The battery is the clear winner in offering diurnal balancing. The quantity of expensive clean gas needed to offer the same service exceeds the battery cost. Building gas generation from scratch, the capital cost alone exceeds the battery cost. In the annual storm case, the opposite is true. The quantity of fuel burned to balance the system is lower than required for a year of diurnal balancing. However, the quantity of energy required in storage to respond to the storm event is higher. A significant investment in the battery is required to store that much energy, whereas storage costs for clean gas are assumed to be low, utilizing existing gas network infrastructure.

In reality, the dynamics of the tradeoff between different storage technologies are far more complicated. Real-world load and renewable data produce a distribution of storage events with different durations and frequencies. That distribution and the competition between resources changes year by year based on load growth and changes in load pattern, renewable build and composition of the renewable fleet, changes in available technology and technology pricing, changes in fuel prices, emissions policy, and many other factors. These complications are picked up in the next section when we model the competition between storage technologies on the United States grid.

The relatively low quantity of gas required for the storm event means that the cost of clean gas is of secondary importance in this example. Clean gas could be significantly higher in cost and the battery would still be more expensive. While simple, this thought experiment illustrates the fundamental advantage for low variable cost technologies in high utilization storage applications, and for low capital cost technologies in low utilization storage applications.
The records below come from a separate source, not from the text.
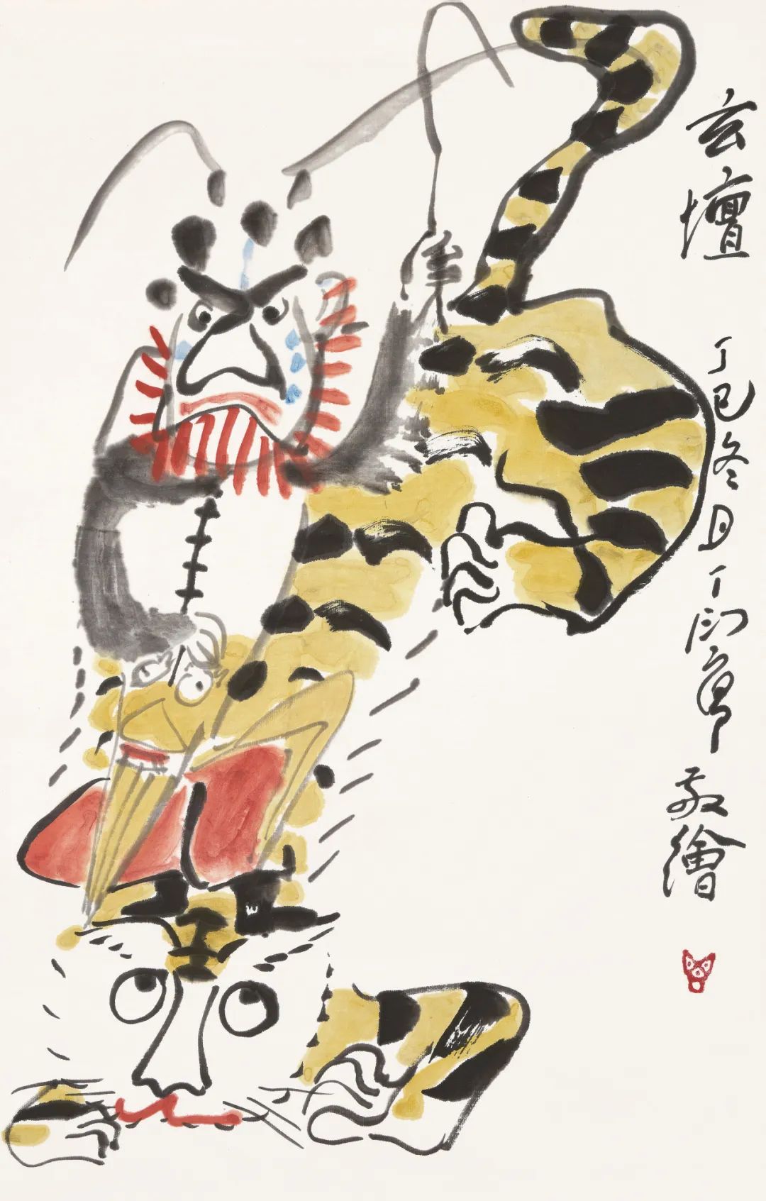 本幅所绘乃玄坛赵元帅,世称“黑虎玄坛赵公明”。赵公明是道教护法大神,役雷驭电,祛瘟禳灾,主持公道,元明以后,遂演化为民间尊奉的财神。其形象黑面浓须,头顶铁冠,手执缚龙索,将身跨虎,威猛非常。丁衍庸以诙谐之笔调演绎民间神灵,颠覆旧规,然不失敬意,寥寥数笔,便将玄坛之英武神威、奇崛生趣跃然纸上。
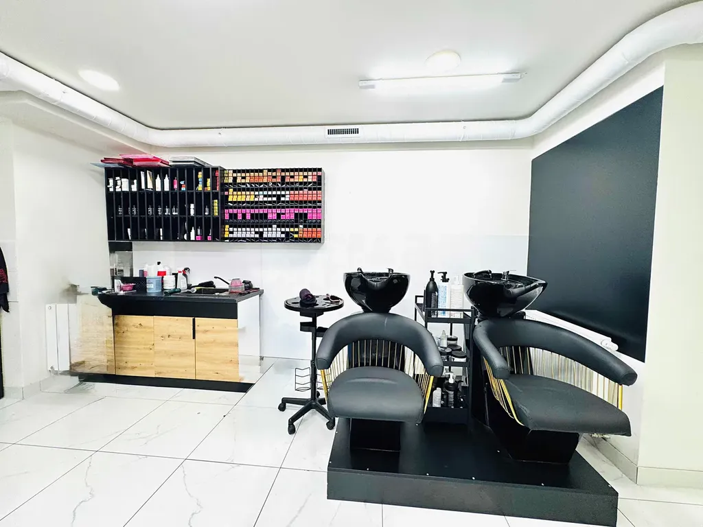 Prostor je rozdělen do dvou podlaží. V přízemí se nachází kompletně vybavený kadeřnický provoz, v prvním patře plně zařízená kosmetická část. Součástí salonu jsou dvě samostatné toalety (pro klienty a personál) a zázemí pro zaměstnance. Prostor splňuje veškeré hygienické a provozní normy pro poskytování kosmetických a kadeřnických služeb.
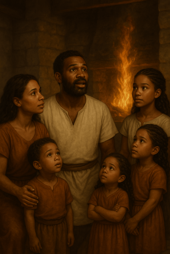 The warm fire crackled inside the family’s small home near the mountain. Daddy had gathered everyone in close. The mountain still rumbled in the distance, glowing with Yah’s power. Everyone could feel it in their hearts—Yahuah was near.
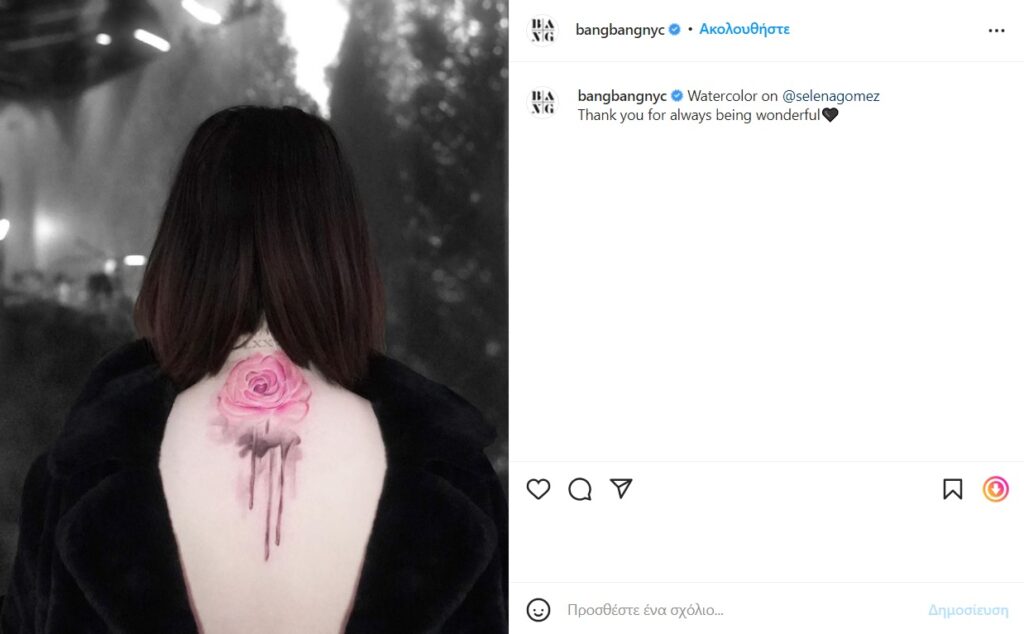 Συγκεκριμένα ο tattoo artist των διασήμων, Bang Bang, με ένα post στο Instagram αποκάλυψε πως το νέο τατουάζ της Gomez είναι ένα τεράστιο λουλούδι στην πλάτη.
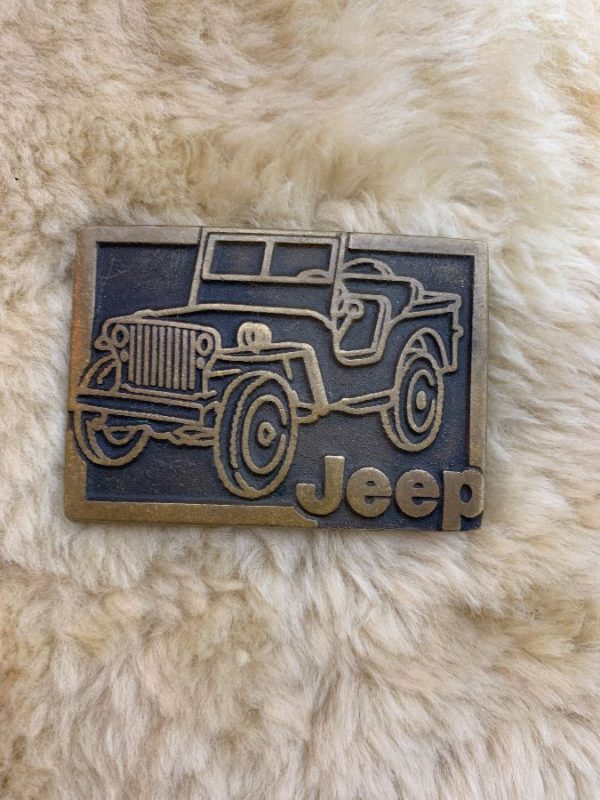 VINTAGE JEEP HEAVY BRONZE RECTANGLE BELT BUCKLE
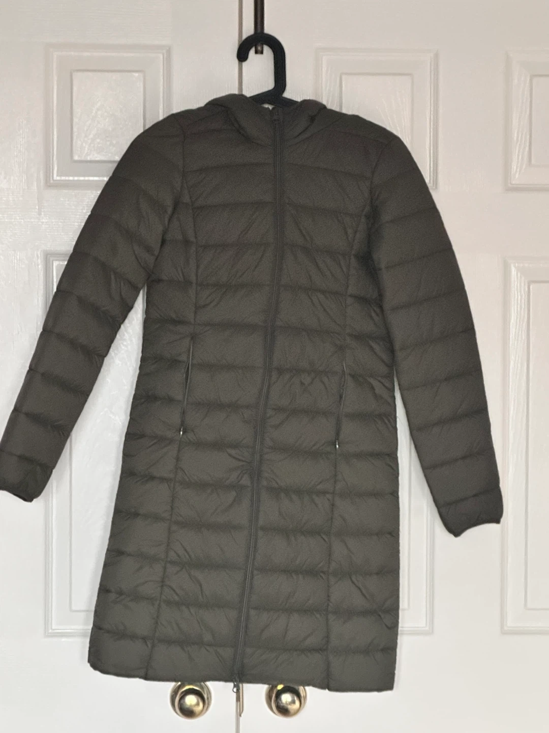 A lightweight, hooded puffer coat in a dark olive green colour. It's a full-zip style with zippered pockets. This coat is great for staying warm on chilly days!
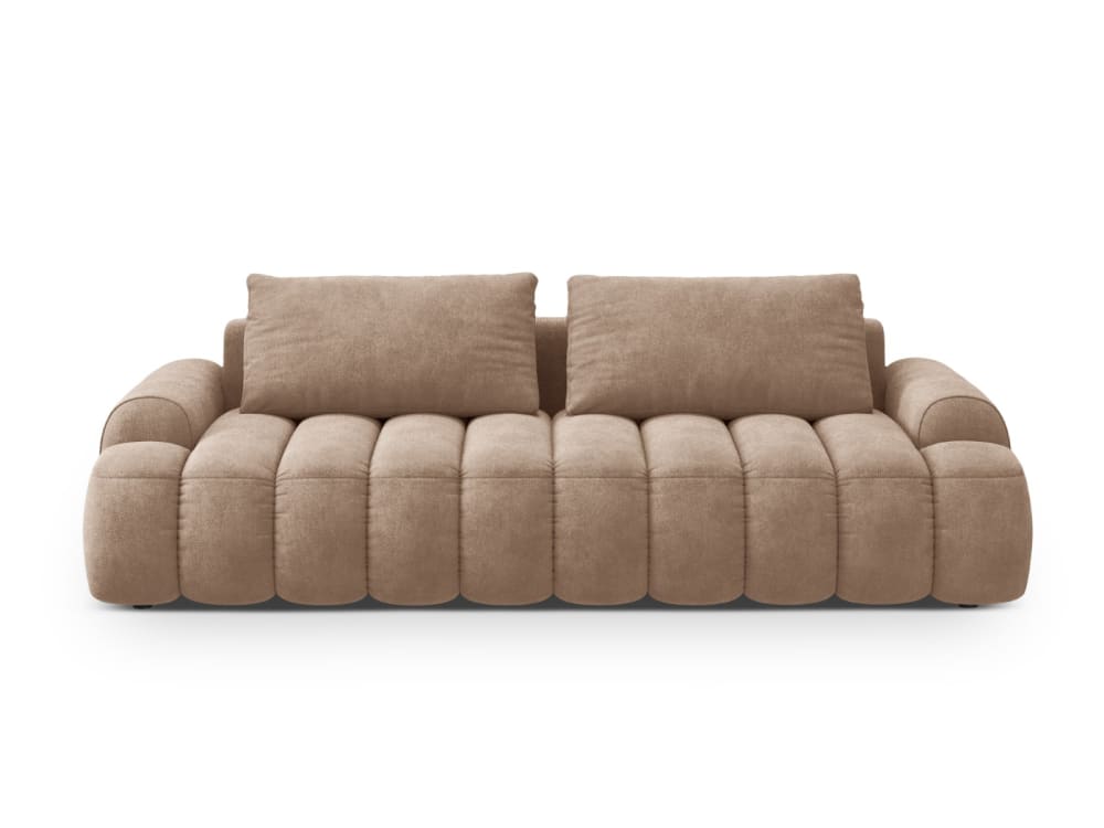 Divano convertibile con contenitore 4 posti in velluto beige scuro
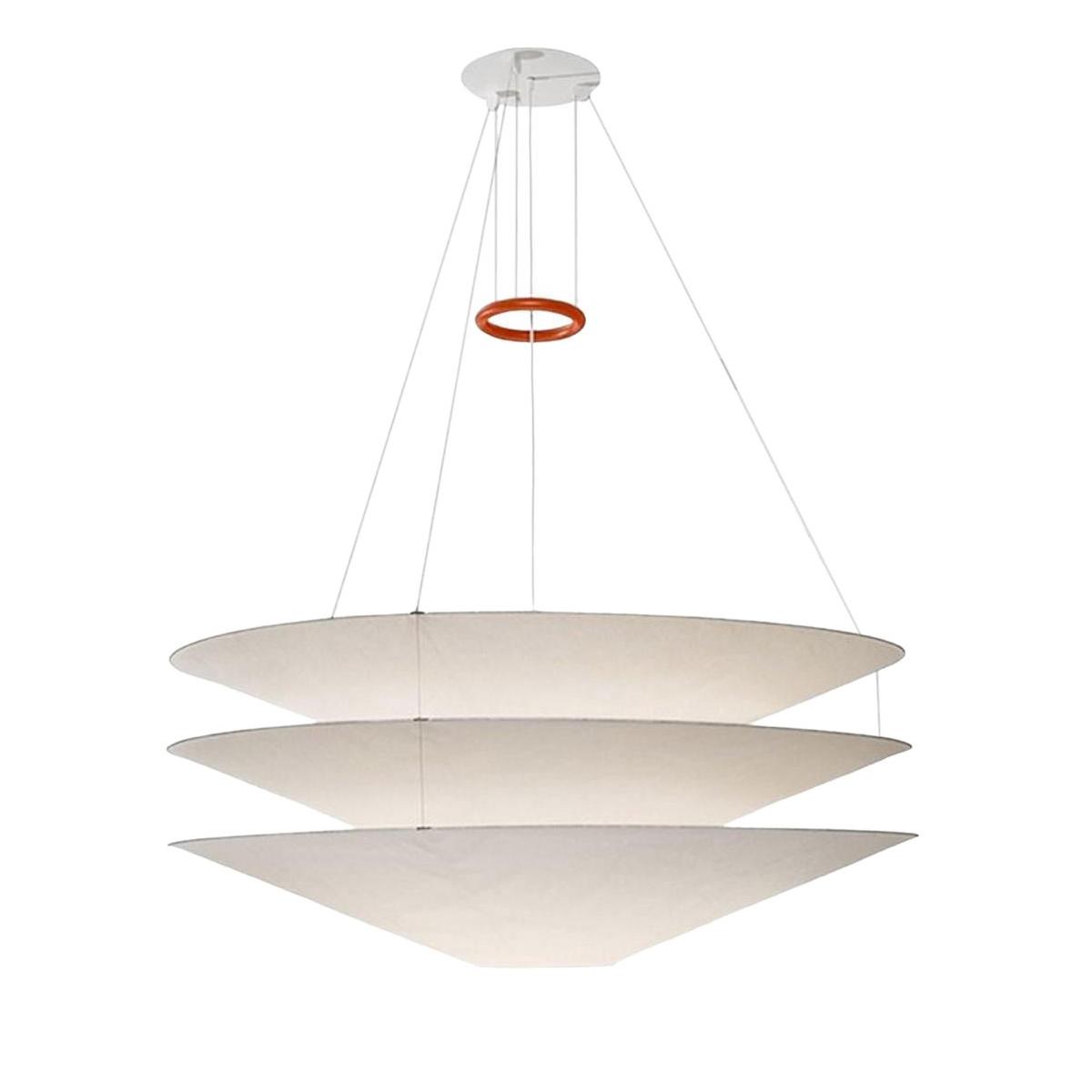 Floatation Ingo Maurer est une lampe à suspension réalisée avec du papier japonais et du métal. Anneau rouge en fer pour régler la hauteur, baldaquin en métal laqué blanc. Le matériel très sensible réagit à l'humidité ambiante. Aussi le papier peut légèrement se détendre. Ces produits ne sont pas appropriés pour des pièces avec un fort taux d'humitié. Lors de la commande, il est nécessaire de préciser la distance entre le plafond et le diffuseur inférieur. Bulbs not included: 1 x E27 PAR30 max 100W (downlight), 2 x E27 max 60W, 2 x E27 max 40W.
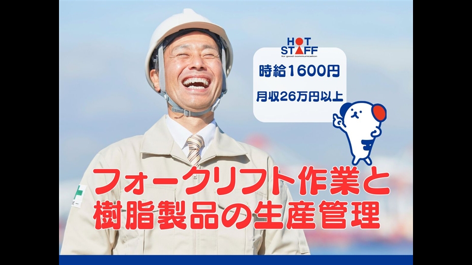 【経験を活かせる】フォークリフト作業と樹脂製品の生産管理/日勤専属で月収26万以上/土日休み
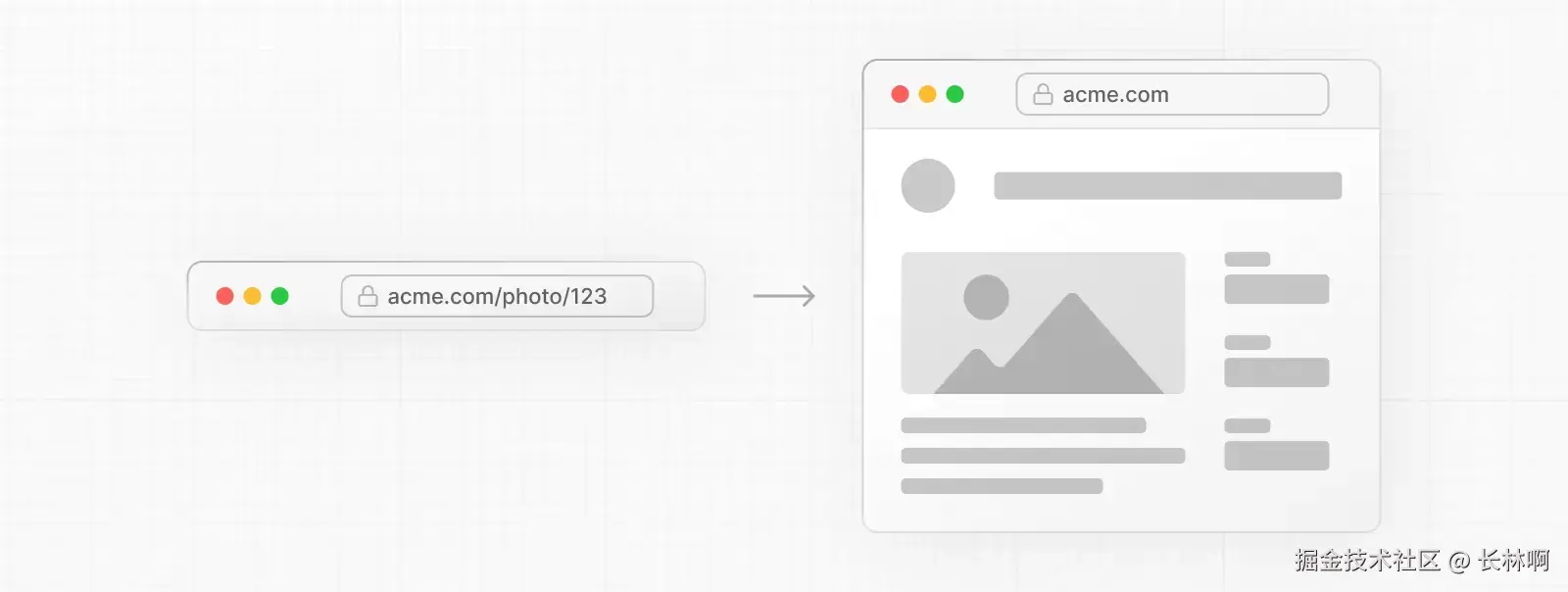 上图左侧就是在一个图片列表中,当点击一个图片信息 /photo/123 的时候,结果就是右边这种呈现形式。但当你将地址栏的链接分享出去的时候,就会得到下面的效果:
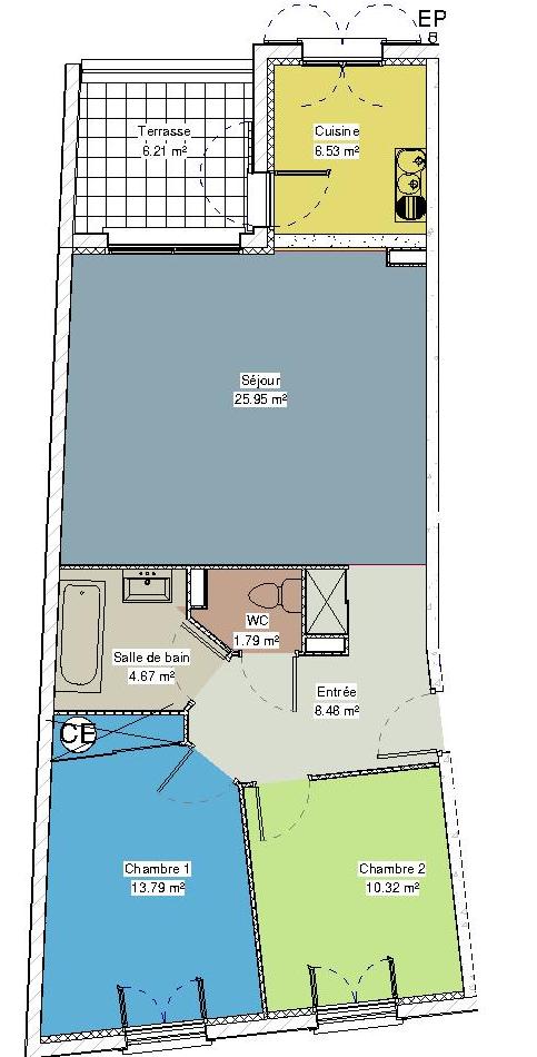 Appartement de Type 3 de 71,53 m2 situé au premier étage avec une terrasse donnant sur le jardin :

The price of $70/kWh is prohibitively high for the conceptual storage device to compete in LTS applications. In the above example, the capital cost of the battery is 3× cheaper than for the gas power plant (300/kW vs. 900/kW), however, the cost of providing 720 GWh in sustained peaking capability is 18× higher for the battery on a $/kWh basis than for the gas plant. The question becomes how would a storage technology with reduced $/kWh costs compete against gas in offering LTS services?

In the next section we investigate this question. The conceptual storage technology is redesigned with low $/kWh options and modeled in the context of a real system using a capacity expansion planning model to capture the more complex interactions between resources, loads, and across time. We show at different price points and efficiencies for the storage technology how much would be adopted as part of a least cost resource portfolio.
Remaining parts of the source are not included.